Power calculations indicated that a total sample size of 1541 patients was required to achieve a study power of 80% to demonstrate an overall one-sided α significance level of 0.025 that the mean value of serum ferritin decreased at the end of study compared to baseline. This was based on the assumption that the expected difference would be greater than 100 ng/mL and the standard deviation of the differences was 1400 ng/mL. Efficacy was assessed for the full analysis set, including all patients who had been successfully screened and started the study. If there was no serum ferritin value available at 52 weeks, the last available observation was used as the end of study assessment to calculate change from baseline (last-observation-carried-forward [LOCF] analysis) thus providing a robust, yet conservative end-point to cope with the intention-to-treat principle. Reported P values for the investigation are based on two-sided paired t-tests or the Kruskall Wallis test. All patients who received at least one dose of study medication were included in the safety analysis.

Results

Patients’ characteristics

A total of 1744 patients were enrolled (Table 1). The underlying diseases necessitating chelation therapy were thalassemia (63.9%), MDS (19.6%), AA (6.7%), SCD (4.6%), other rare anemias (predominantly pure red cell aplasia and hemolytic anemias; 2.5%) and various conditions requiring transfusion, including malignant diseases [primarily acute myeloid leukemia (n=16) and congenital anemia; 2.8%]. Overall, 79.6% of patients (n=1389) completed 1 year of treatment. Treatment discontinuation rates (Figure 1) were lowest among thalassemia patients (9.4%), and highest among MDS patients (48.7%).

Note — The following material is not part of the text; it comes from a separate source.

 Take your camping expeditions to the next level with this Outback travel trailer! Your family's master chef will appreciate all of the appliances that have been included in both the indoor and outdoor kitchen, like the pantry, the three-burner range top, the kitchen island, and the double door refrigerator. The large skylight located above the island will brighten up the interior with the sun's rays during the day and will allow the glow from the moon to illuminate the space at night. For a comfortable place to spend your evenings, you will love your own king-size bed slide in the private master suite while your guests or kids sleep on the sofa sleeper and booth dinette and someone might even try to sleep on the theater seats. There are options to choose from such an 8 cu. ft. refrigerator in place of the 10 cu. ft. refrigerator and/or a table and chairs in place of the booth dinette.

Baseline median serum ferritin levels in all subgroups were greater than 2500 ng/mL, which is a threshold known to be associated with significant negative outcomes (Table 1). The median length of time that patients had been transfusion-dependent was 9.0 years; however, this was longer in thalassemia patients (median 15.0 years). The duration of transfusion dependency was comparatively brief in MDS patients at a median of only 3.0 years. Although SCD patients had been transfusion dependent for a median of 10.0 years, the amount of blood received during the year prior to study entry was the lowest at 84±57 mL/kg. Most patients had received prior chelation therapy (Table 1); however, a large proportion of patients with AA, MDS and other anemias were chelation-naïve (68%, 48% and 61%, respectively).

Exposure to treatment

Overall, 27 patients (1.5%) started on 10 mg/kg/day, 1527 (87.6%) on 20 mg/kg/day and 189 (10.8%) on 30 mg/kg/day. The deferasirox dose was adjusted from the planned dose during the study in 1303/1744 patients (74.7%). Doses were increased in 672 patients (39%) at a median of 24 weeks after treatment initiation (range, 2–53). The first dose increase was performed at or less than 3 months of starting treatment in 82 patients (12.2%), between 3 and 6 months after starting treatment in 332 patients (49.4%), between 6 and 9 months in 158 patients (23.5%) and more than 9 months after starting treatment in 100 patients (14.9%). The most common dose increase was from 20 to 25 mg/kg/day (291 patients) (Online Supplementary Figure S1). Doses were reduced in 198 patients (11.4%) and temporarily interrupted in 425 patients (24.4%) due to laboratory abnormalities or adverse events. Fifteen patients (0.9%) discontinued treatment as they no longer required the study drug since their serum ferritin levels were 500 ng/mL or lower on two consecutive visits. Of the 1389 patients completing the study, 131 patients (9.4%) were receiving less than 20 mg/kg/day, 550 (39.6%) were receiving from 20 mg to less than 30 mg/kg/day, and 708 (51.0%) were receiving 30 mg/kg/day or more. Compliance was greater than 80% in 85.3% of the patients.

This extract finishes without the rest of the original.